Why Gemini CLI?

The Gemini CLI is a powerful agentic tool. Adding voice turns it from a standard terminal interface into a Jarvis-like assistant running directly in your workspace. Using local Apple MLX Whisper and Kokoro TTS, your voice processing is entirely private.

Prerequisites

A Mac with Apple Silicon (M1, M2, M3, or M4).
Gemini CLI installed.
Node.js (v18+) installed.

Step 1: Install System Dependencies

Open your terminal and install the underlying audio components:

brew install portaudio espeak-ng

Step 2: Install Voice MCP Server

Install the server globally so the Gemini CLI can execute it seamlessly:

npm install -g voice-mcp-server

Step 3: Connect to Gemini CLI

We use the built-in MCP tooling provided by the Gemini CLI. Run this command:

gemini mcp add voice-mcp-server --scope user voice-mcp-server

This adds the server to your global user scope, so it's available in any project directory you open the CLI in.

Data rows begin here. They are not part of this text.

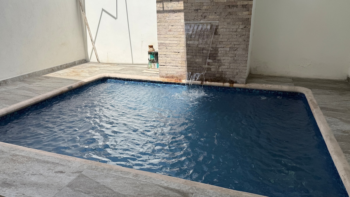 Casa Turquesa cuenta con una pequeña alberca 3x3 y 1.60 mto. de profundidad ( NO CLIMATIZADA ) Ideal para descansar después de un día largo de trabajo o si vienes de paseo con tu familia. (NO SE PERMITEN FIESTAS) (NO SE PERMITEN MASCOTAS) Estacionamiento para 2 autos. Tenemos 2 tinacos 700 y 1200 lt *Cámaras de seguridad afuera de la casa** Estancias largas estamos en contacto para el mantenimiento de la alberca. Checar Manual
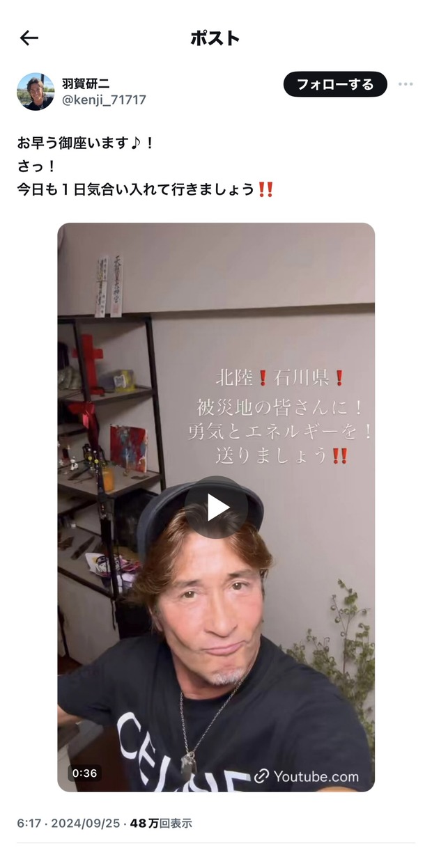 — 羽賀研二 (@kenji_71717) September 24, 2024
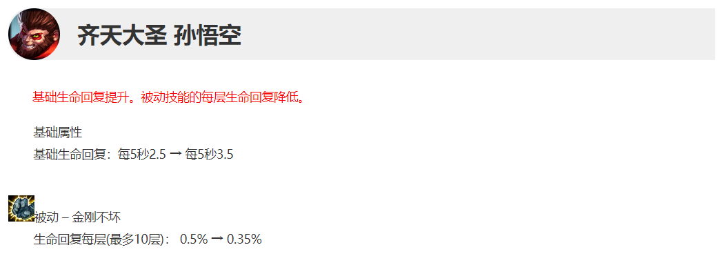 改动解析:这个改动就是把被动的生命回复转移至了基础的生命回复,不打架时候的回复量变多,生命值起来后被动叠满回复量变少,算个微调,整体影响不大,猴子在大乱斗依旧强势。
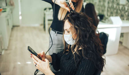Woman in medical mask gets her hair done in beauty salon during pandemic.
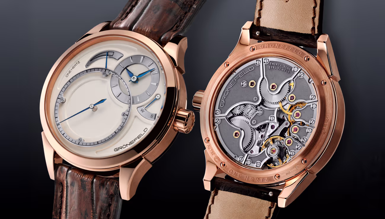 The One Hertz is the world's first wristwatch with an independent jumping seconds mechanism. The One Hertz was awarded Watch Of The Year by timezone.com, a leading website for wristwatch collectors and enthusiasts.
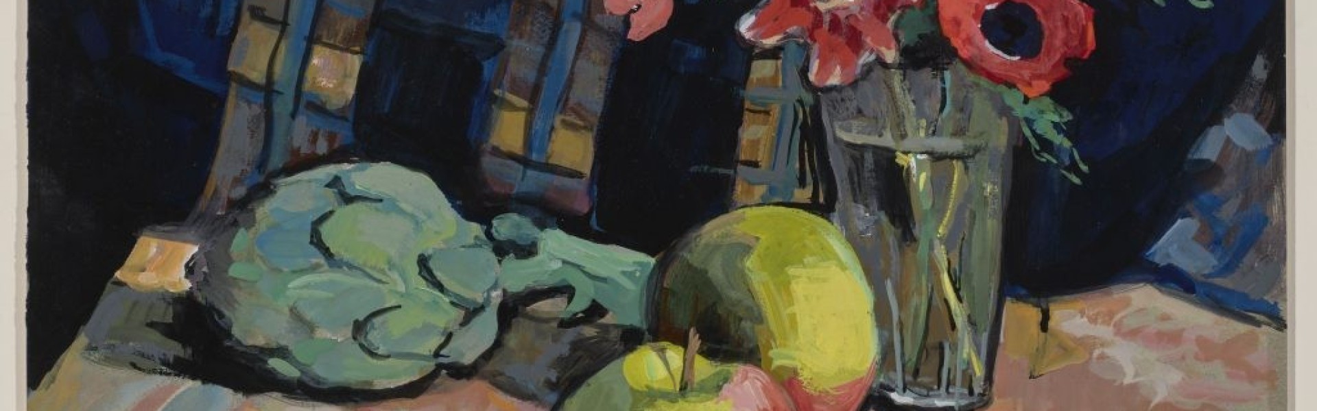 Adrienne Baudoin-d’Huart (1892–1992), Nature morte aux pommes et artichaut, Gouache sur papier © Les 2 Musées de la Ville de Luxembourg.

Step 4: Grant Input Monitoring Permissions

To use the Push-to-Talk feature (Right Option key) globally, macOS requires permission. Go to System Settings > Privacy & Security > Input Monitoring and toggle your Terminal app (e.g., iTerm, Terminal, Warp) to ON.

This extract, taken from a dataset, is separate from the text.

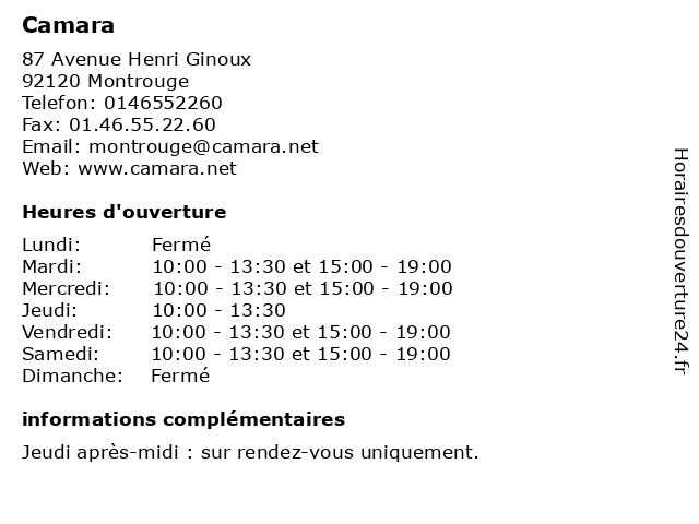 1 Camara (Distance: 2,91 km) 14-16 Boulevard Blanqui, 75013 Paris accessories, audio, camara, camcorders, photo, printing, video 2 Camara (Distance: 3,57 km) 30 Rue Boucicaut, 92260 Fontenay-aux-Roses camara, camera, canon, films, fujifilm, impression, objectifs, photo, qualite, tirages 3 Camara (Distance: 4,14 km) 11 Rue Georges le Bigot, 94800 Villejuif camara, camera, canon, films, fujifilm, impression, objectifs, photo, qualite, tirages 4 Camara (Distance: 7,18 km) 31 avenue Mac Mahon, 75017 Paris camara, camera, canon, films, fujifilm, impression, objectifs, photo, qualite, tirages 5 Camara (Distance: 7,58 km) 72 Rue De Rochechouart, 75009 Paris accessories, audio, camara, camcorders, photo, printing, video 6 Camara (Distance: 9,72 km) 54 Boulevard du Général Leclerc, 92110 Clichy camara, camera, canon, films, fujifilm, impression, objectifs, photo, qualite, tirages |
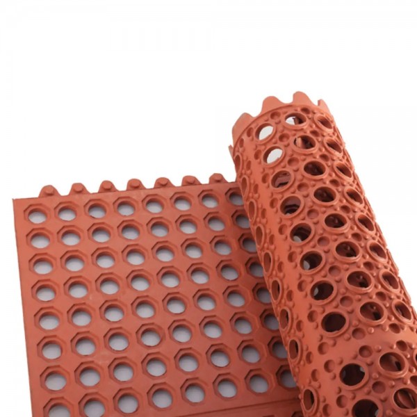 Winco RBMI-33R 3" x 3" Red Rubber Interlocking Floor Mat

Bonus: Need Time to Think?

The Voice MCP Server features an intelligent Standby Mode. If you need a moment, just tell the AI something like "give me a minute" or "let me think." It will gracefully suspend itself, turning off the microphone (and the orange macOS privacy dot) indefinitely. When you are ready to resume, simply press and hold Right Option to start talking again!

You're Ready to Talk!

Launch the Gemini CLI, and prompt: "Let's talk." The AI will utilize the voice_converse tool to speak to you. Just press and hold Right Option when it's your turn to reply!